Information ::
········
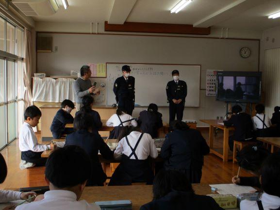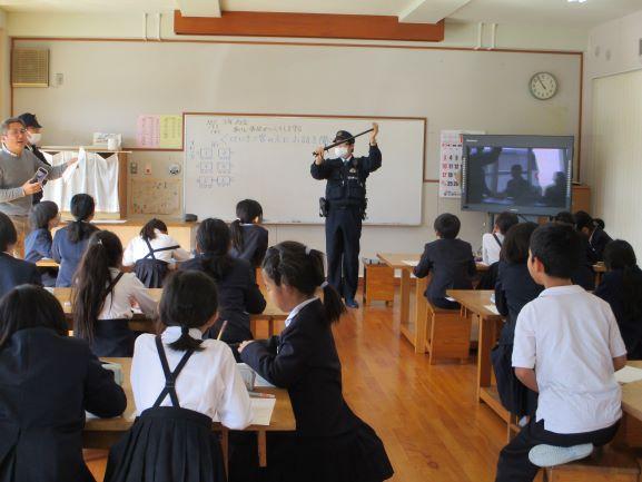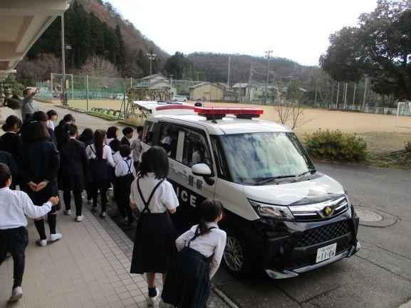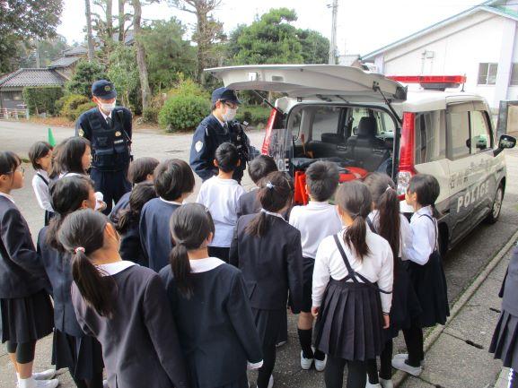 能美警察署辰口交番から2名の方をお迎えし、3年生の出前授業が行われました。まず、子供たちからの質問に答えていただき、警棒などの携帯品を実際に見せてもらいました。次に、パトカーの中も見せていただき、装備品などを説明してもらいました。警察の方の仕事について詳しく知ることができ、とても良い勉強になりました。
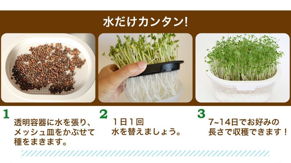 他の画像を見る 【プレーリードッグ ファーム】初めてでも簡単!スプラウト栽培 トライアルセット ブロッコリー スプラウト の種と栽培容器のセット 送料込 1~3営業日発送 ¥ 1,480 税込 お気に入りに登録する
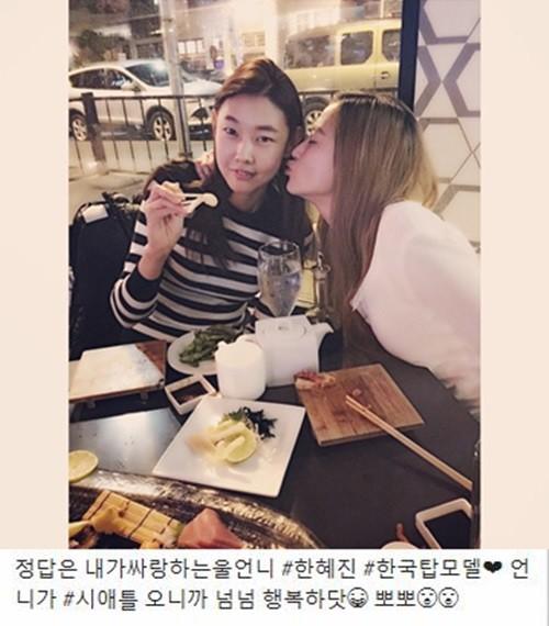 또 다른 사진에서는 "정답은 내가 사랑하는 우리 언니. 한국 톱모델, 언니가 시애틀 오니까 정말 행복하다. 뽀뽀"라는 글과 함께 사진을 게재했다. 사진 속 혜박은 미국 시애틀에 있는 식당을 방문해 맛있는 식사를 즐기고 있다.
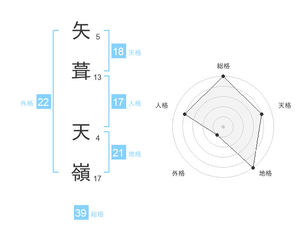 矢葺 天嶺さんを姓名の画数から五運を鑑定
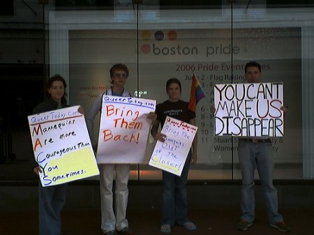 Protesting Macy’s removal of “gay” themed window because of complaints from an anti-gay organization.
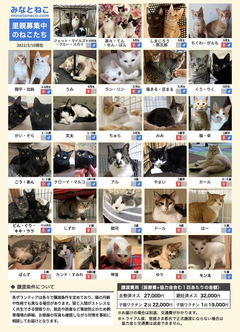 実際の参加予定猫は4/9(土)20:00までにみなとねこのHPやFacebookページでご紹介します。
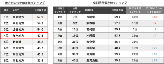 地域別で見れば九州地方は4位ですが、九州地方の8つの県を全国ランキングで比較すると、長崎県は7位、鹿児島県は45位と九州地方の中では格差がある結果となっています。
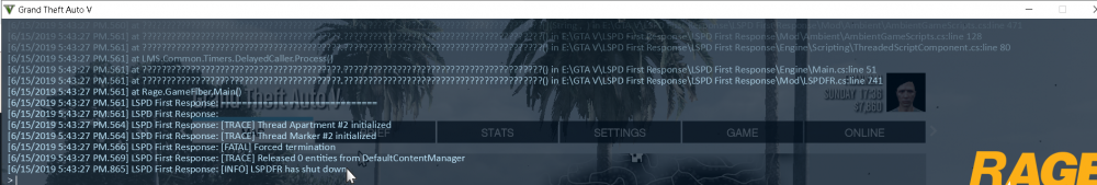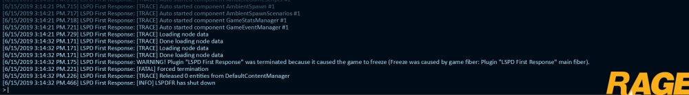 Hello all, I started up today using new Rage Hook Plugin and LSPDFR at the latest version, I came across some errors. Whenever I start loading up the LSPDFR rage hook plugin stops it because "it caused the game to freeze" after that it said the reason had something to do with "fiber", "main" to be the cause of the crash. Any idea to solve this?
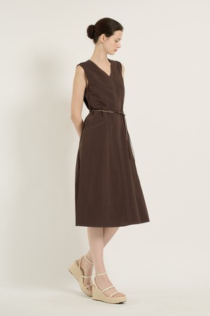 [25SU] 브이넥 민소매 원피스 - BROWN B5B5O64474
········
What is needed ::
Exactly as they appear above, write out all the entries, but not the images.

Result below ::
 能美警察署辰口交番から2名の方をお迎えし、3年生の出前授業が行われました。まず、子供たちからの質問に答えていただき、警棒などの携帯品を実際に見せてもらいました。次に、パトカーの中も見せていただき、装備品などを説明してもらいました。警察の方の仕事について詳しく知ることができ、とても良い勉強になりました。
 他の画像を見る 【プレーリードッグ ファーム】初めてでも簡単!スプラウト栽培 トライアルセット ブロッコリー スプラウト の種と栽培容器のセット 送料込 1~3営業日発送 ¥ 1,480 税込 お気に入りに登録する
 또 다른 사진에서는 "정답은 내가 사랑하는 우리 언니. 한국 톱모델, 언니가 시애틀 오니까 정말 행복하다. 뽀뽀"라는 글과 함께 사진을 게재했다. 사진 속 혜박은 미국 시애틀에 있는 식당을 방문해 맛있는 식사를 즐기고 있다.
 矢葺 天嶺さんを姓名の画数から五運を鑑定
 Protesting Macy’s removal of “gay” themed window because of complaints from an anti-gay organization.
 実際の参加予定猫は4/9(土)20:00までにみなとねこのHPやFacebookページでご紹介します。
 地域別で見れば九州地方は4位ですが、九州地方の8つの県を全国ランキングで比較すると、長崎県は7位、鹿児島県は45位と九州地方の中では格差がある結果となっています。
 Hello all, I started up today using new Rage Hook Plugin and LSPDFR at the latest version, I came across some errors. Whenever I start loading up the LSPDFR rage hook plugin stops it because "it caused the game to freeze" after that it said the reason had something to do with "fiber", "main" to be the cause of the crash. Any idea to solve this?
 [25SU] 브이넥 민소매 원피스 - BROWN B5B5O64474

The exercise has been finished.